Ó Abbá, uma grande multidão estava reunida em torno de mim. Tive clara compreensão que ela estava aberta para um ensinamento de minha parte. Por que desejavam que eu lhes ensinasse? O ensinamento dos doutores da Lei não os preenchia nas questões existenciais, familiares e comunitárias?

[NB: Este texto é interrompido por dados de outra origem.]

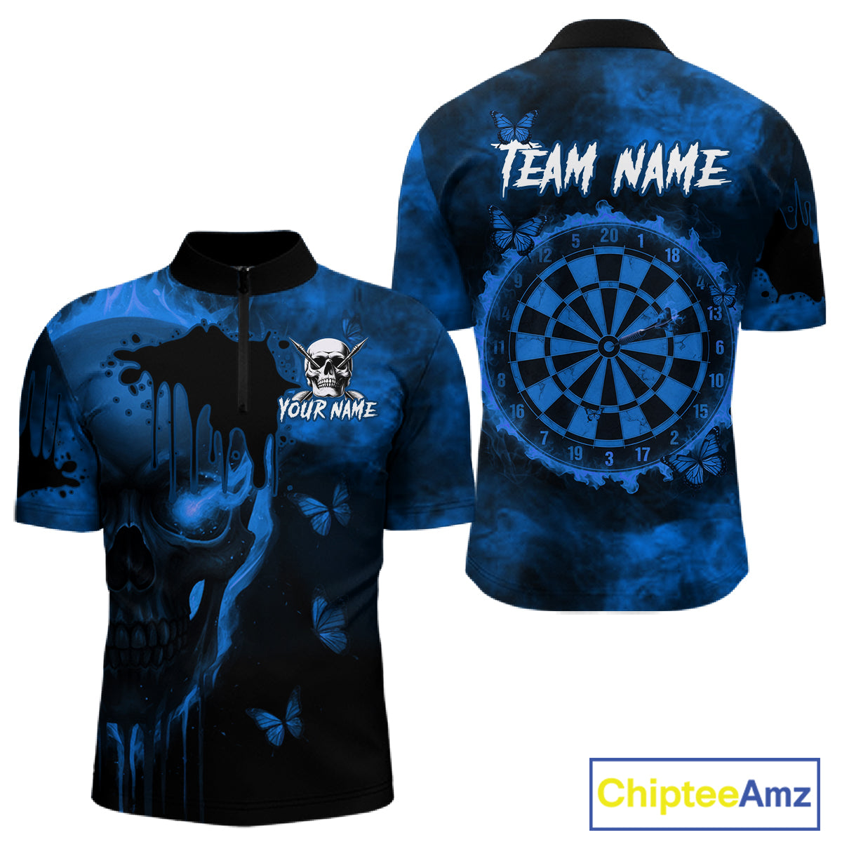 Black And Blue Grunge Skull Butterflies Darts Shirt For Men Custom Dart Jersey Team Polo & 1/4 Zip TDM4993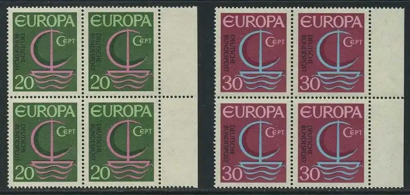 BUND 1966 Michel-Nummer 0519-0520 postfrisch SATZ(2) BLÖCKE RÄNDER rechts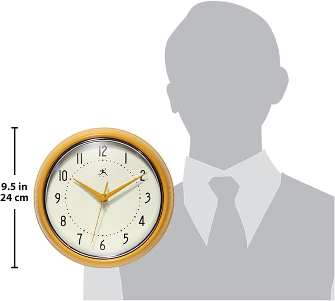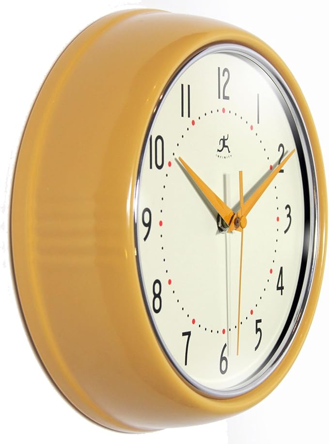 Infinity Instruments LTD. Retro 15 inch Mid Century Modern Kitchen Diner Wall Clock Quartz Movement Retro Wall Clock Decorative (Saffron Yellow)
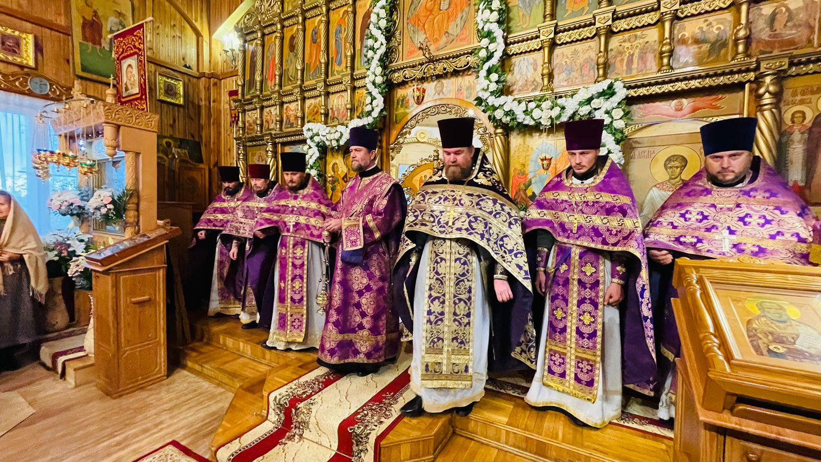Архипастырю сослужили настоятель храма секретарь епархиального управления протоиерей Валерий Суворов, архангельские и северодвинские клирики. Пел квинтет архиерейского хора.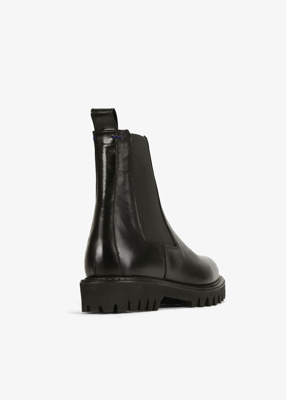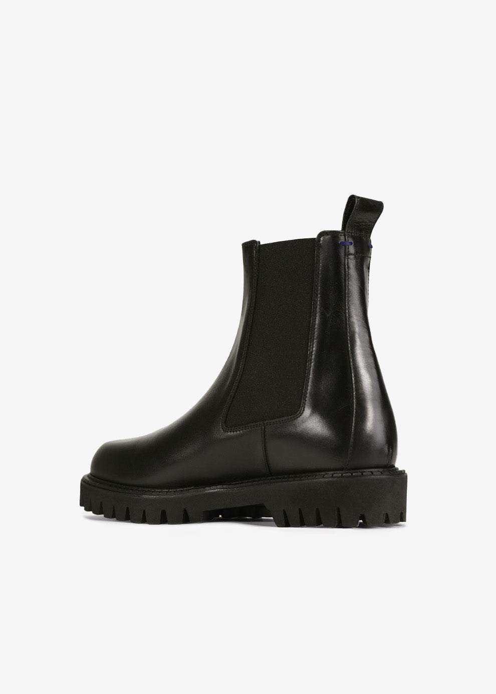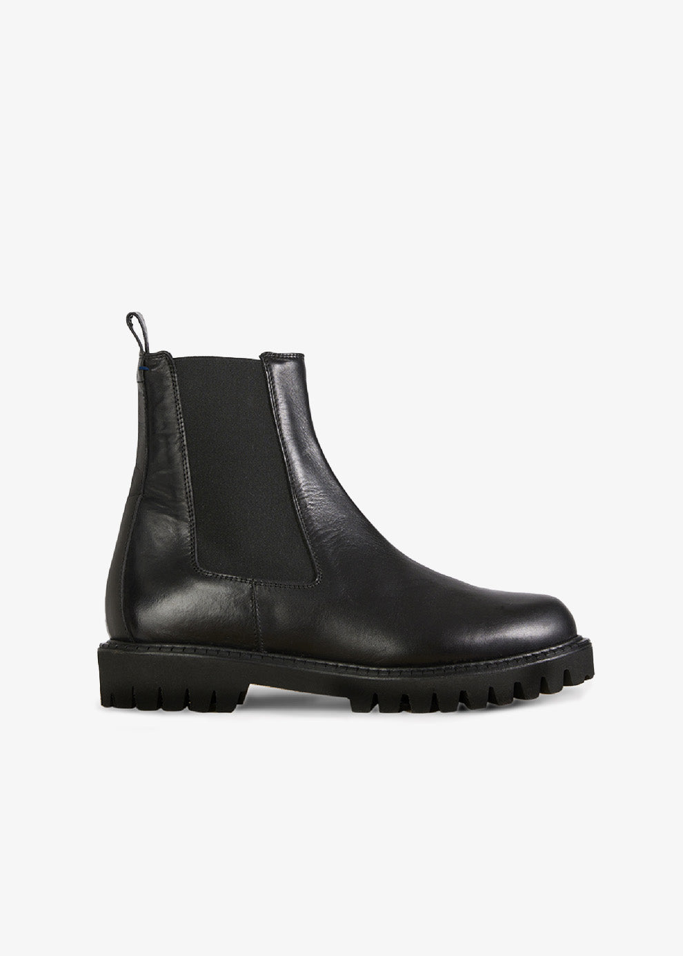 This modern Chelsea Boot by ESSEN blends form and function in a reimagined take on a timeless staple. Meticulously crafted in Italy from supple, smooth leather, this slim profile boot is both sleek and durable. Classic elasticated side panels offer ease of wear, while its all weather design ensures year round versatility. A sophisticated essential, it’s built for everyday elegance.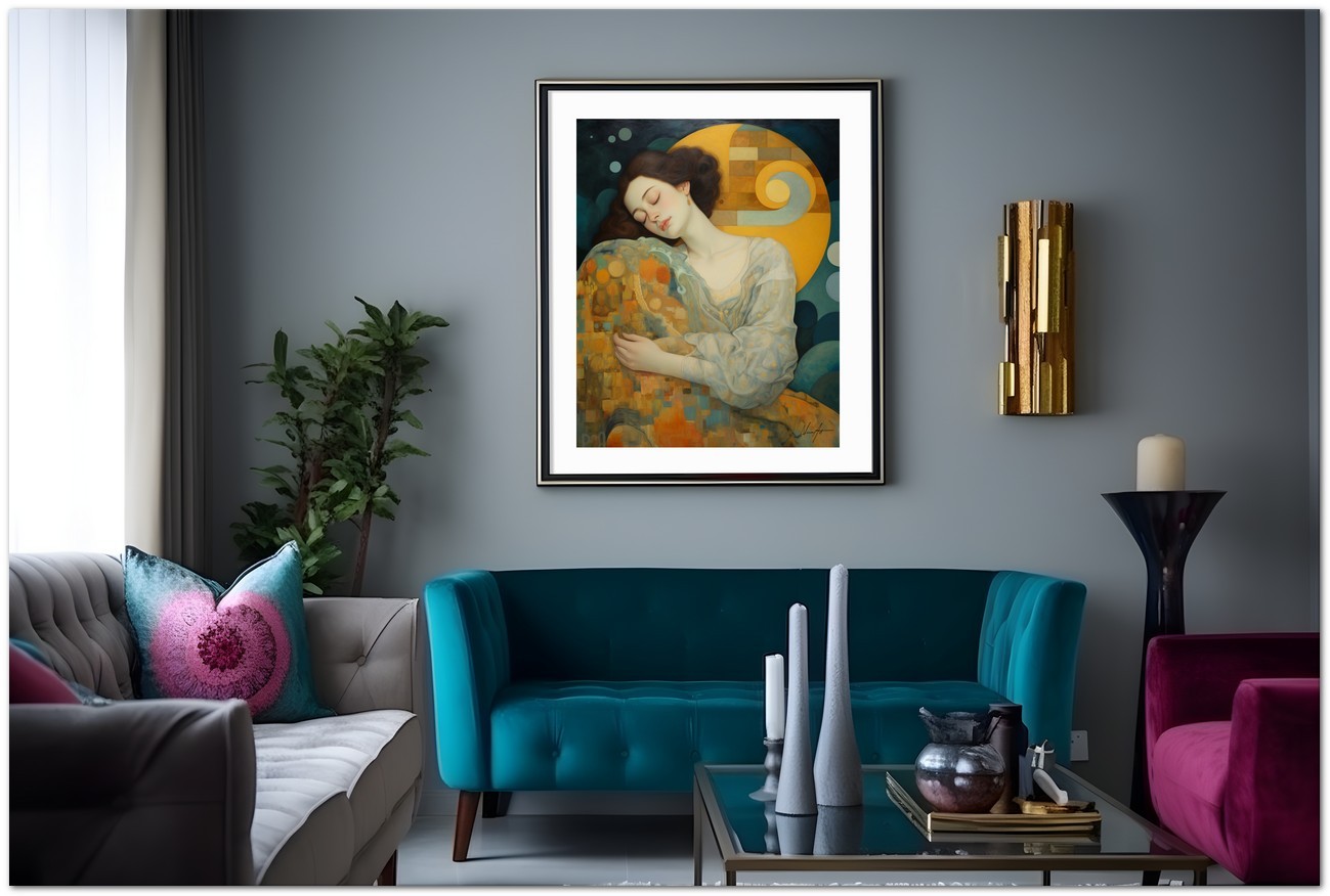 "Sogni Intrecciati" is reproduced using Fine Art Giclée printing technology on high-quality canvas, ensuring exceptional color rendering and museum-level durability.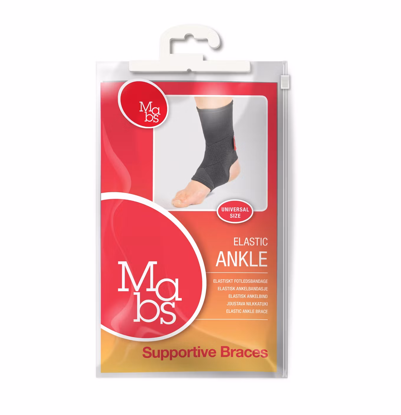 Die elastische Sprunggelenkbandage von Mab bietet leichte Kompression, Stütze und Entlastung für das Sprunggelenk.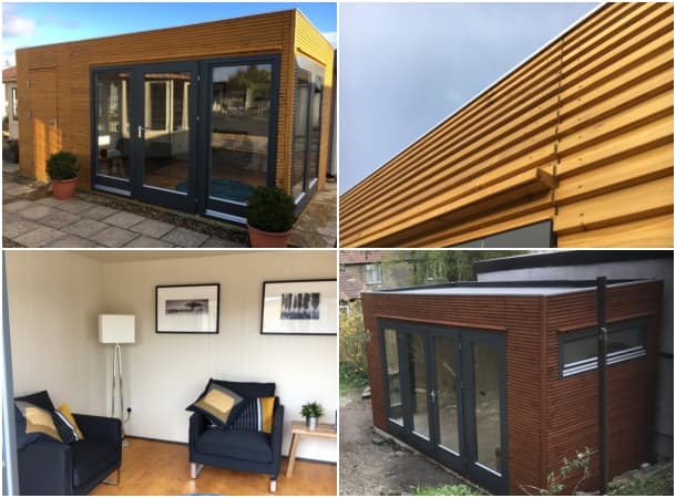 Es fácil que alguna de estas casetas contemporáneas se ajuste a nuestras necesidades. Pueden servir muy bien como oficina, y la solución de colocar el canalón dentro de la cubierta, es bastante ingeniosa y práctica. Este fabricante ofrece una garantía de 5 años en sus productos.

Comecei o meu ensinamento, Abbá, justamente chamando a atenção sobre a atuação dos doutores da Lei. Tive com toda sinceridade dizer: “Tomai cuidado com os doutores da Lei”. E qual a razão desse cuidado? Infelizmente a razão era esta: “Eles gostam de andar com roupas vistosas” - para eles importa a aparência exterior; “eles gostam de ser cumprimentados nas praças públicas” - eles querem ser reconhecidos a qualquer custo; “eles gostam das primeiras cadeiras nas sinagogas e dos melhores lugares nos banquetes” - eles querem ser “exemplos” na prática religiosa e no convívio social.
Com esta sua conduta, e isso é o pior, os doutores da Lei “devoram as casas das viúvas, fingindo fazer longas orações”. Abbá, isso é intolerável! Pois, em nome de uma falsa piedade, acabam ferindo o mandamento maior do amor, cuja expressão máxima é “cuidar das viúvas” segundo nosso entendimento divino. “Devorar as casas das viúvas” já chega a ser o antagônico extremo do ser humano que sonhamos como “ser imagem e semelhança de Deus”. É degradante explorar a vida indefesa - “as viúvas”, e isso ainda, com “longas orações”. Que falsa piedade! Por isso tudo, tive que afirmar, sem meias palavras: “Eles – os doutores da Lei - receberão a condenação, mais, a pior condenação”.
Após o ensinamento à multidão, fui ao Templo. Fiquei sentado diante do cofre das esmolas. Não pude deixar de observar como a multidão das pessoas depositavam suas moedas no cofre. Ó Abbá, era até comovente proceder com esta observação! Na oferta das moedas, cada pessoa expressava sua gratidão a nós, Trindade Santa, por todos os dons que de nós recebem. Lembrei-me de um ensinamento que fiz num outro momento: “De graça recebestes, de graça deveis dar”. A gratuidade aproxima o ser humano de Deus. Quanto maior gratuidade entre a humanidade, mais expressão de nossa total gratuidade trinitária. Gratuidade é sinônimo de sentido maior; interesse é sinônimo de sentido menor.
Na minha observação da oferta de moedas no cofre de esmolas, notei que no meio dos ofertantes muitos ricos depositavam grandes quantias. Esses tinham mais, davam mais. Mas também notei que havia pessoas pobres, que depositavam pequenas quantias. Foi o caso de uma pobre viúva que chegou e aproximou-se do cofre e depositou duas pequenas moedas, únicas que ela tinha e que valiam quase nada.
Então, ó Abbá, eu chamei os discípulos para perto de mim. Queria dar-lhes mais um ensinamento a partir da observação que tinha feito. Eu disse-lhes: “Em verdade vos digo, esta pobre viúva deu mais do que todos os outros que ofereceram esmolas. Todos deram do que tinham de sobra, enquanto ela, na sua pobreza, ofereceu tudo aquilo que possuía para viver”.
Espero que meus discípulos, ó Abbá, tenham entendido o que lhes ensinei. Primeiramente queria concretizar, no gesto da pobre viúva – “ela, na sua pobreza ofereceu tudo aquilo que possuía para viver” - o que significa a gratuidade. Eu fui enviado por Ti, ó Abbá, na história da humanidade pela nossa total gratuidade. Nós somos a gratuidade plena: nada resta-nos como Pai-Criador; nada resta-nos como Filho-Redentor; nada resta-nos com Espírito Santo-Santificador. A gratuidade - “dar tudo” REALIZA e PLENIFICA!
Em segundo lugar queria mostrar com o gesto da pobre viúva, mas especialmente com o gesto dos demais ofertantes – “os outros todos deram o que tinham de sobra’ - o que não significa a gratuidade. Diante da nossa total gratuidade não há lugar para as “sobras”. Além de não ser agradável esta oferta a nós, também a não-gratuidade não realiza o gênero humano feito “à imagem e semelhança de Deus”. A não-gratuidade - “dar as sobras” NÃO REALIZA e ESVAZIA!